I prefer ggplot barplots for a few reasons.

One of the biggest reasons is that by default (or with a few simple modifications), ggplot2 barplots look professional and well designed. They’re also relatively easy to create and modify.

Having said that, to create a bar charts with ggplot2, you need to understand the syntax.

Therefore, let’s look at the syntax for geom_bar, and how we use it in conjunction with ggplot to create our bar charts.

## geom_bar Syntax

Here, I’ll walk you through the syntax for how to create a bar char with geom_bar.

I’m going to try to explain everything piece-by-piece, but it will require some knowledge of the ggplot2 visualization system. With that in mind, if you need a quick review of ggplot2, you can read our ggplot2 tutorial for beginners.

### The syntax of a ggplot barplot

To create a barplot with ggplot2, you need to call the ggplot() function along with `geom_bar()`. Let me break this down:

##### ggplot

The `ggplot()` function initializes the ggplot2 data visualization system. Essentially, it tells R that we’re going to draw a visualization with ggplot.

##### The data parameter

The `data =` parameter indicates the data that we’re going to visualize.

The `ggplot` function is designed to work with dataframes, so you’ll specify a dataframe as an argument to this parameter.

So for example, if your dataframe is named `mydata`, you’ll set `data = mydata`.

##### The aes function

The `aes()` function enables you to map variables in your dataframe to the aesthetic attributes of your plot.

When we create a barplot, we always need to map a categorical variable to the x or y axis. So if the variable you want to plot is named `my_categorical_var`, you might set `x = my_categorical_var`. This will put the categories of your categorical variable on the x axis.

To be clear, it might be difficult to understand “variable mappings” if you’re new to ggplot2. If you’re confused about this, I strongly recommend that you review our introductory ggplot tutorial.

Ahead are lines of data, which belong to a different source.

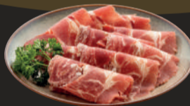
Beef Chuck Roll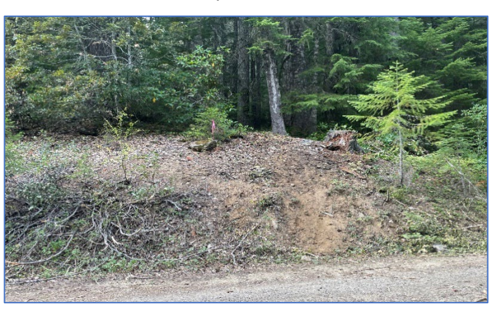
This is the route where the handline was to be constructed to cut off the dogleg near Forest Service Road 705.

The crew member who would be operating the chainsaw had been working for three fire seasons and had shown proficiency at their current certification level. They were on track to become certified as a FAL2 (Faller 2, Intermediate Faller). Their task involved felling a 30-foot-tall snag with obvious signs of rot that was located near where the handline would be constructed.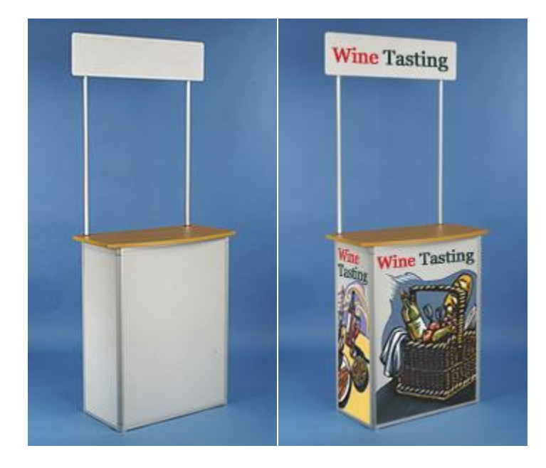
These instructions apply to promotional counters with and without vinyl graphics. (Vinyl graphics come pre-installed onto the PROMXMNGR counter.)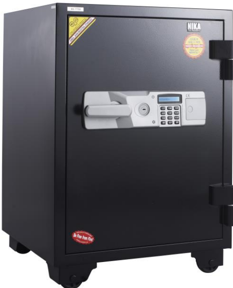
NIKA T750 BLACK Price: $1350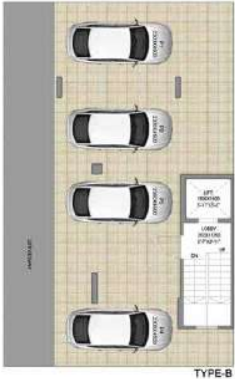
STILT FLOOR PLAN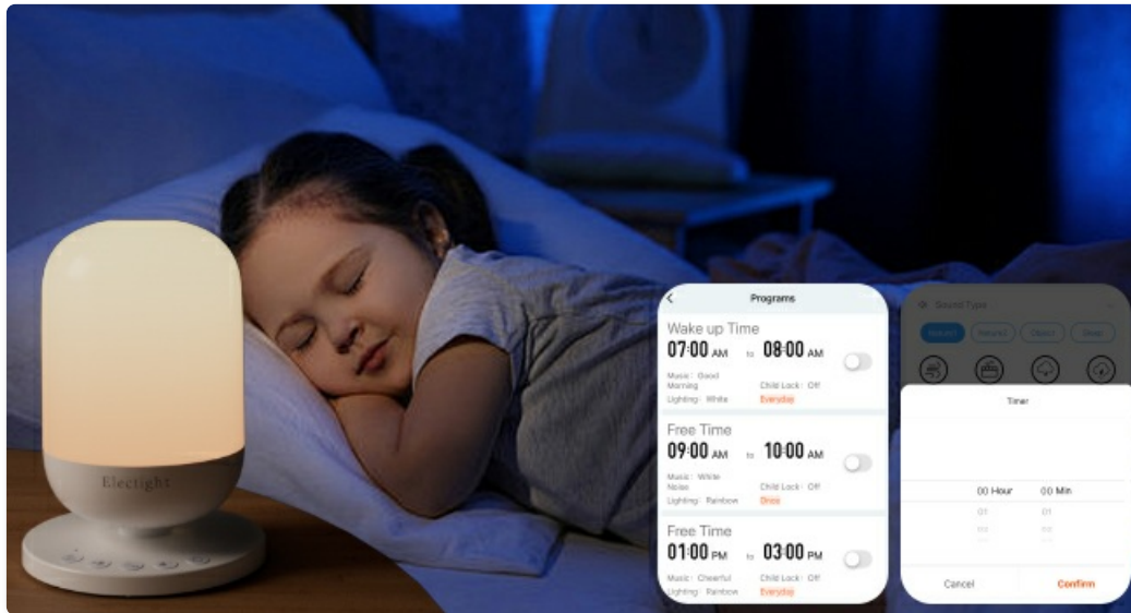
Image: A child sleeping with the white noise machine on a bedside table, illustrating its use for sleep. The image also shows the app interface for setting sleep programs and timers.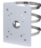
A36 Pole Mount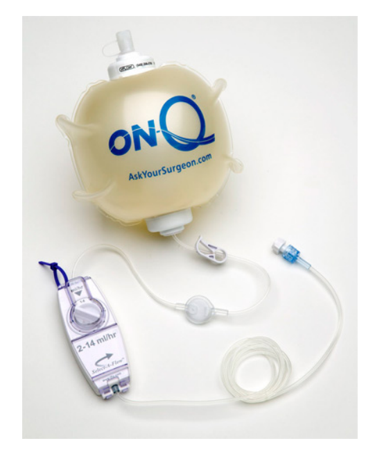
Figure 3: Portable pain reservoir

If you are going home after surgery and have a catheter, then there is pump made of plastic which has a reservoir of numbing medicine which looks like a bulb or balloon filled with fluid (Figure 3). This bulb attaches to the catheter and is designed so that it will deliver the medicine to the catheter automatically without you having to push any buttons. The medicine is delivered to the catheter at a steady rate over a few days. When the bulb or reservoir of medicine is gone, then catheter can be pulled out of the neck with no difficult by someone at home. Because the catheter is not sewn in and because it is not under the skin very far, it comes out very easily once the bandage over it is removed.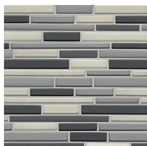
Broadway - BRD GLSMANBRDRIGMCB Random Interlocking - Gloss/Matte (12"x13" Sheet)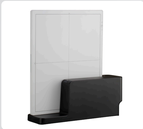
Flexible charging with battery charger or optional CXDI-Docking station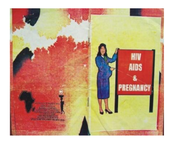
Plate II: A pamphlet on HIV/AIDS and Pregnancy

choice of a White lady on communication materials meant for Black people shows a high level of cultural insensitivity. Surely, there is natural attraction to one's own culture and people.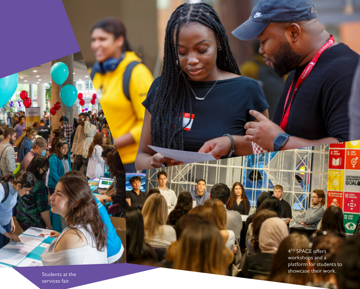
Students at the services fair.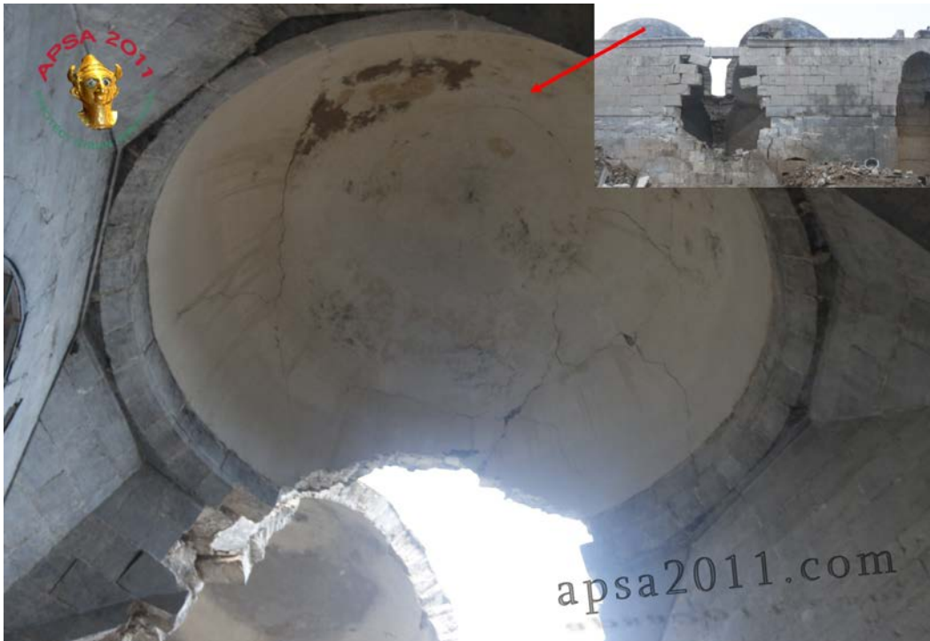
Interior of the Madrasa Firdows in Aleppo (APSA).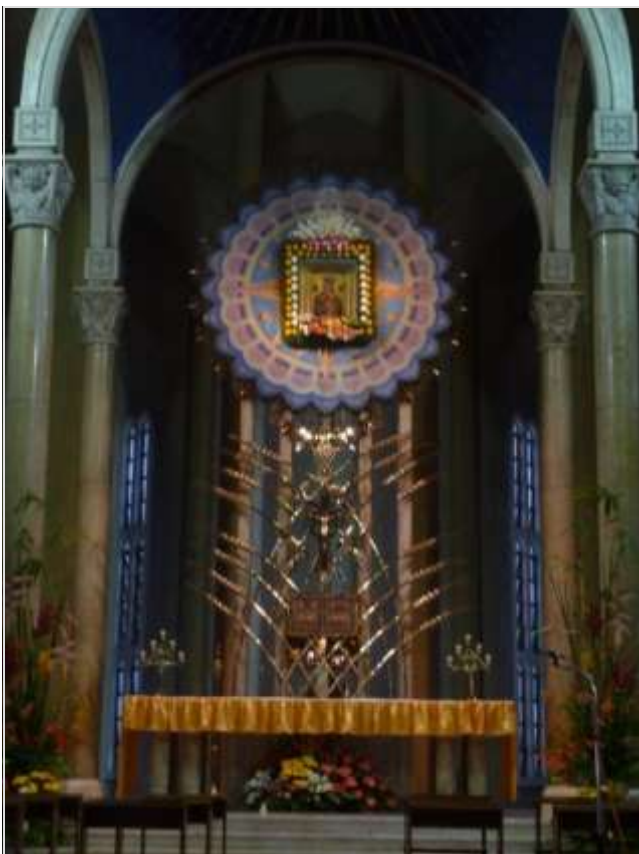
Left - National Shrine of Our Lady of Perpetual Help, Baclaran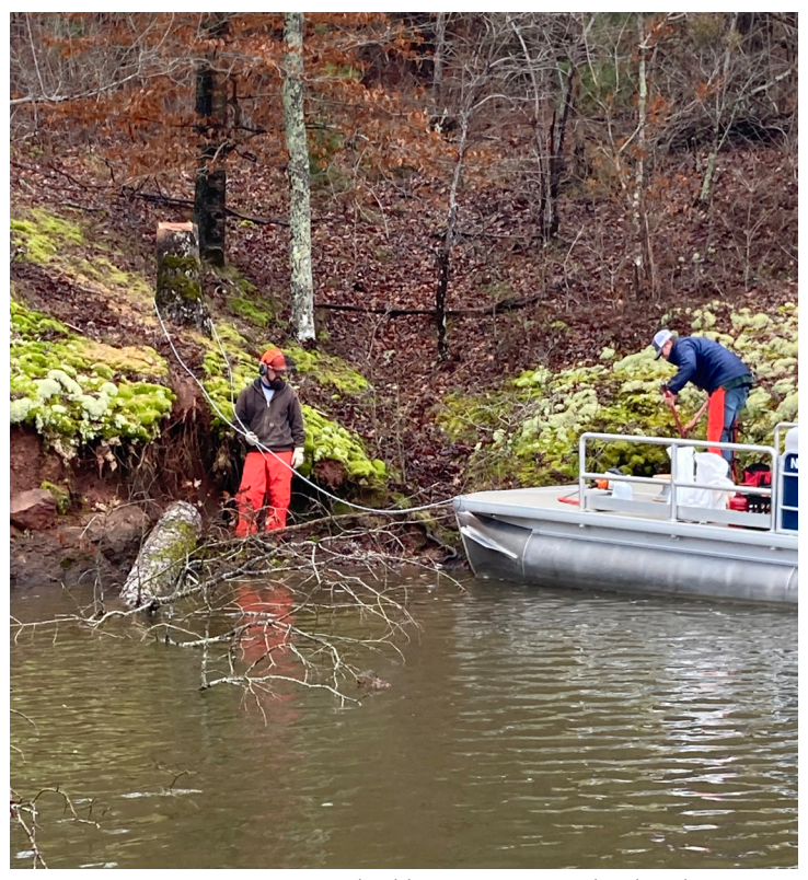
Figure 4. Commission personnel cabling a cut tree to the shoreline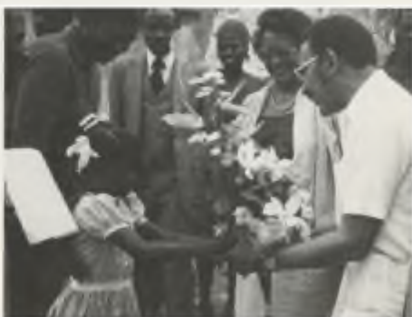
... on a visit to Haiti.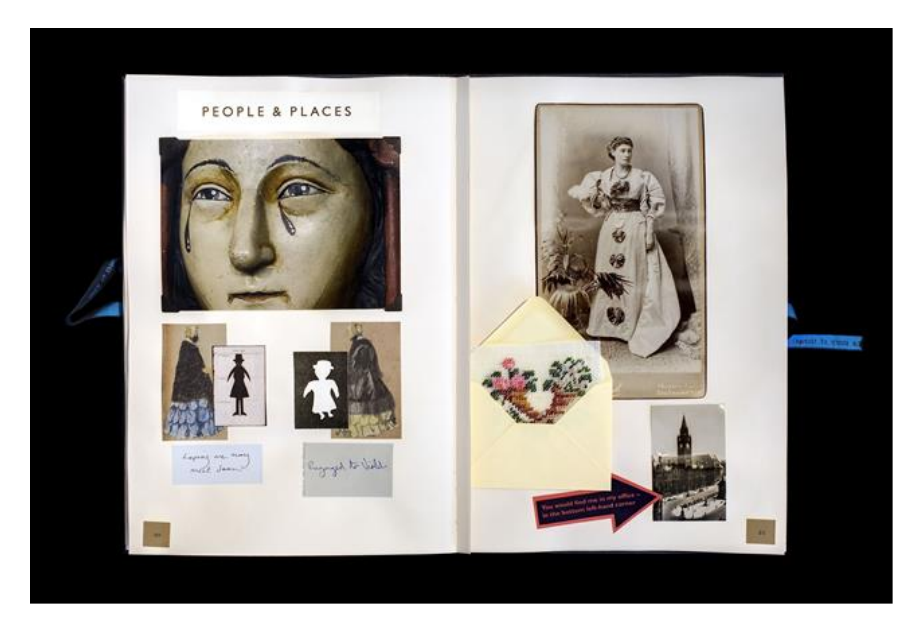
Figure 8: Double page spread from Scrapbook (the story of things) by Carson & Miller, published by Manchester Metropolitan University Special Collections, 2009.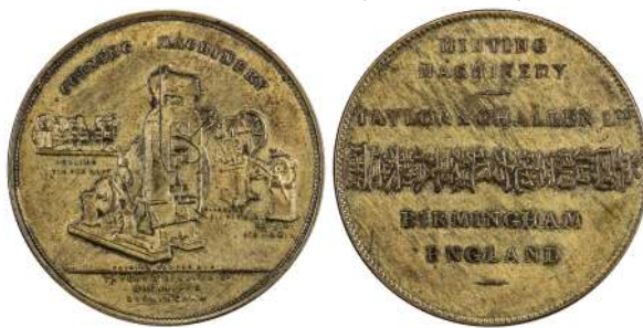
1873. CHINA: AE advertising medal, ND (ca. 1900), CCC-782, 38mm, various minting machinery, COINING MACHINERY above, ROLLING 1 TON PER DAY at left, BLANKING 200 PER MIN, MARKING 600 PER MIN at right, COINING 100 PER MIN below, TAYLOR & CHALLEN LD ENGINEERS BIRMINGHAM in three lines in exergue // MINTING MACHINERY / TAYLOR & CHALLEN LTD / Chinese legend sideways / BIRMINGHAM / ENGLAND, PCGS graded AU58 $400 - 500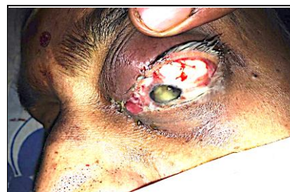
Figure 1. On Presentation

After one week, her symptoms began to ameliorate and there was marked improvement in her systemic and ocular condition. Her left eye showed a significant reduction in discharge and inflammation with gradual resolution of the hypopyon. Intraocular pressure also returned to normal. [Image 3]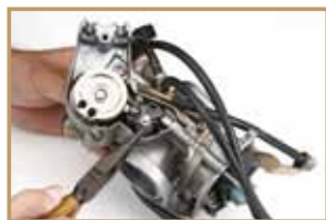
Step 2: Remove the E clip out of the groove with a long nose pliers.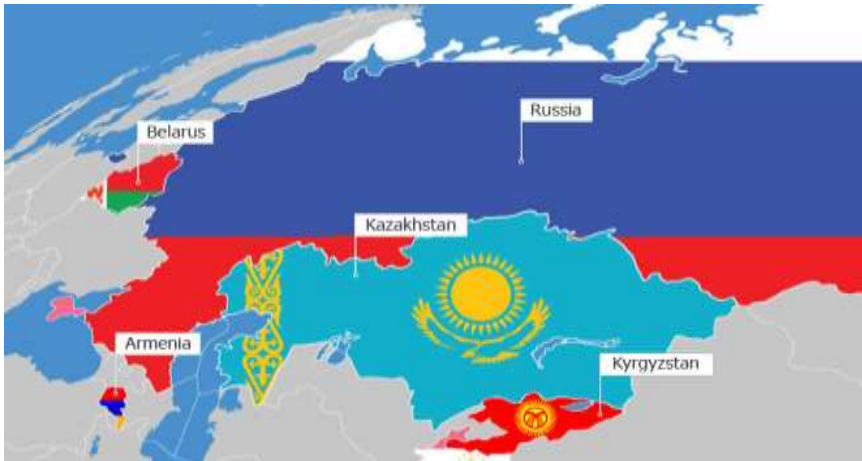
Map 2. Showing Eurasian Economic Union Region.

(Eurasian Economic Union). In 2000, the EEC (Eurasian Economic Community) was founded, that comprised of Tajikistan, Kyrgyzstan, Kazakhstan, Belarus and Russia. All these countries were the descendants of Central Asian Economic Cooperation Organization. In 2010, the CU was announced (which was known as close regionalism), SCO in 2001 and in 2002 the CSTO was announced. In 2012, the Eurasian Economic Union was announced; the contemporary Russian integration plan for the region. On 1 st January, 2015 the EAEU that included Kyrgyzstan, Kazakhstan, Belarus, Armenia and Russia replaced the Eurasian Economic Community (Map 2). Tajikistan joining the Eurasian economic union has yet to happen. 26

There are also a set of additional parameters that we can use to modify our bar plot. Specifically, you should know about the following:

• `fill`
• `color`
• `stat`

Let’s briefly review these.

###### `fill` (required)

The `fill` parameter modifies the color of the interior of the bars.

R has a variety of “named” colors like `red`, `green`, and `blue`.

You can also use hexidecimal colors.

I’ll show you an example of how to change the fill color in the examples section.

###### `color`

The `color` parameter modifies the color of the border of the bars. (Be careful. Many people get confused about this. The `color` parameter modifies the border, and the `fill` parameter modifies the interior.)

Again, in R, you can use a variety of “named” colors like `red`, `green`, and `blue`.

You can also use hexidecimal colors.

I’ll show you an example of how to change the border color in the examples section.

###### `stat`

The `stat` parameter controls the statistic that’s applied to the data to plot the length of the bar.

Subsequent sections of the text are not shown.